His 50 came off 46 balls and he seemed set to threaten his own record century - an 81-ball innings against Australia - before the nervous nineties kicked in.
When the milestone did arrive from 99 balls, it was the fastest ton by a New Zealander against India, coming with 16 fours and a six.
It was greeted by a cheer as loud as any reserved for an Indian from the crowd at M Chinnaswamy Stadium.
Taylor's onslaught achieved its aim - removing fielders from around the bat and putting the onus back on the Indian attack.
It also quieted doubters who had questioned his captaincy.
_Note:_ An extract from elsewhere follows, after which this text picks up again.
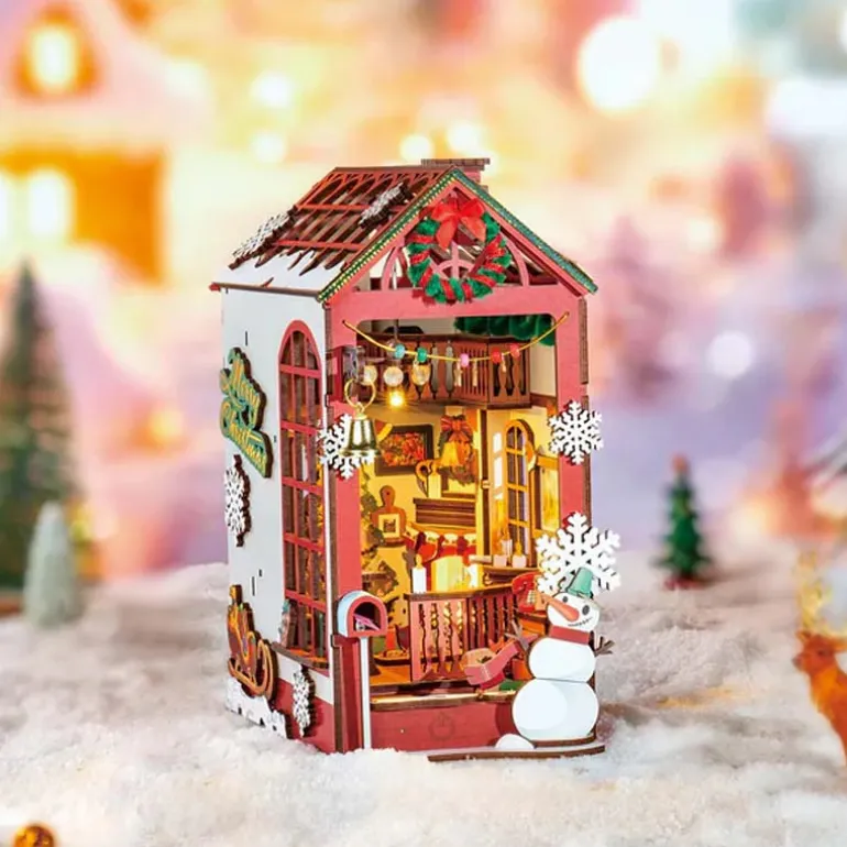 The Book Nook Christmas Indoor Scene is a charming gateway into the magic of Christmas, designed to transport you to a warm and cozy holiday corner. This miniature building kit recreates the essence of the festive season, with details so precise and nostalgic that they seem straight out of a winter fairy tale.

Before this innings, Taylor had notched only two centuries in 42 turns with the bat and, despite becoming Pragyan Ojha's fourth victim, out lbw when he was on 113, he would have felt a measure of relief.
Wicket-keeper Kruger van Wyk capitalised on trhe good start to post his maiden test half century and push the New Zealand total above 300.
Excluding the walkover against Zimbabwe to open the year, New Zealand have only once passed 300 in seven test matches.
It could have been even better for the tourists had their weakness not been further exposed by India's strength.
The Kiwi batsmen again struggled against the twin spin of the hosts, with Ojha and Ashwin picking up five of the six wickets to fall.
India captain MS Dhoni wasted no time in testing whether his opponents had improved from Hyderabad, handing the new ball to Ojha.
Brendon McCullum and Martin Guptill survived but McCullum didn't last for long, trapped in front by Zaheer Kahn for a duck.
Guptill, though, laid the groundwork for Taylor's innings with an aggressive display of his own, bringing up New Zealand's second half century of the series.
The opener was also scoring at a rapid rate but, unlike Taylor, his offensive outburst eventually proved his undoing against Ojha.
Guptill has now lost his wicket to tweakers in six of his last seven innings.